Because linkage phase of haplotypes in this data is unknown, LD was measured by the composite LD (Weir 1996), which does not require phase information and avoids introducing uncertainty during haplotype inference (Andrés et al. 2007). We used composite_LD, a Bioperl package from Matthew Hahn and Jason Stajich (http://www.bioperl.org). LD was computed for all SNP pairs in the gene, and the percentage of unmatched, frequency-matched or distance-matched SNP pairs showing significant LD was compared between extreme and nonextreme genes through 10,000 permutations. Complete haplotypes were inferred with PHASE 2.0 (Stephens et al. 2001), and haplotype networks constructed using Network 188.8.131.52 (Bandelt and Dress 1992). When necessary for comparison, HapMap SNP frequency and LD information were obtained from the HapMap database (http://www.hapmap.org) for the Yoruba from Nigeria (YRI) and western Europeans (CEU). The potential functional consequences of nonsynonymous SNPs were predicted with PolyPhen (Sunyaev et al. 2001) as described in Lohmueller et al. (2008).
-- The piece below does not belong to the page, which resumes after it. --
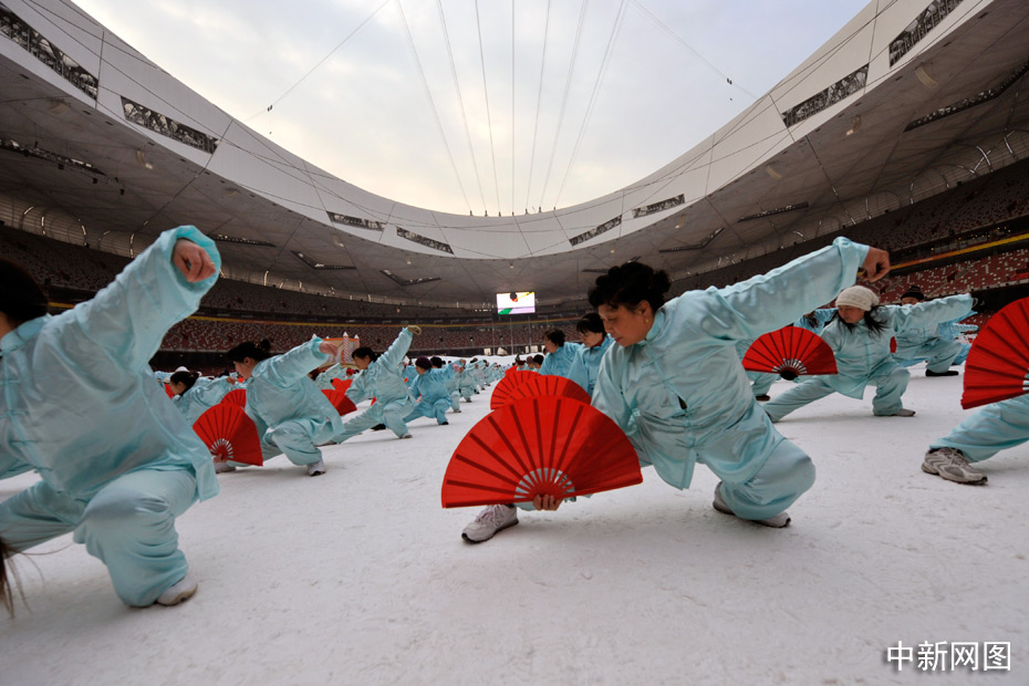 2010年1月1日上午,2010人在被冰雪覆蓋的鳥巢內(nèi)表演了太極拳、武功扇等民族傳統(tǒng)健身項(xiàng)目。中新網(wǎng)記者 金碩 攝

We detect 60 genes with significant signatures of long-term balancing selection (table 1) as shown by their excess of polymorphism (significant HKAlow test) and excess of intermediate-frequency alleles (significant MWUhigh test). We refer to these genes as extreme genes. The average ratio of counts of polymorphic to divergent sites in nonextreme genes is 0.6, whereas the ratio is 1.9 for extreme genes in both populations. This represents a 3-fold increase in the number of polymorphic nucleotides in extreme genes. Allele frequencies also show substantial differences between extreme and nonextreme genes (fig. 1A). The SFS of nonextreme genes has the expected skew toward low-frequency alleles, slight differences between populations due to demographic differences, and a relative enrichment of replacement sites at very low frequencies due to purifying selection against deleterious alleles. As expected by their significant MWUhigh test, extreme genes have a considerable skew toward intermediate-frequency alleles (fig. 1A). The bimodal SFS may reflect a combination of selective forces, with purifying selection keeping deleterious variants at low frequencies and balancing selection maintaining alleles at intermediate frequencies. Note that the contribution of both synonymous and replacement sites is similar at intermediate frequencies, indicating that the excess is not only due to silent (neutral) alleles but also to putatively functional replacement variants. The highly similar SFS of synonymous and replacement sites can be explained simply by linkage.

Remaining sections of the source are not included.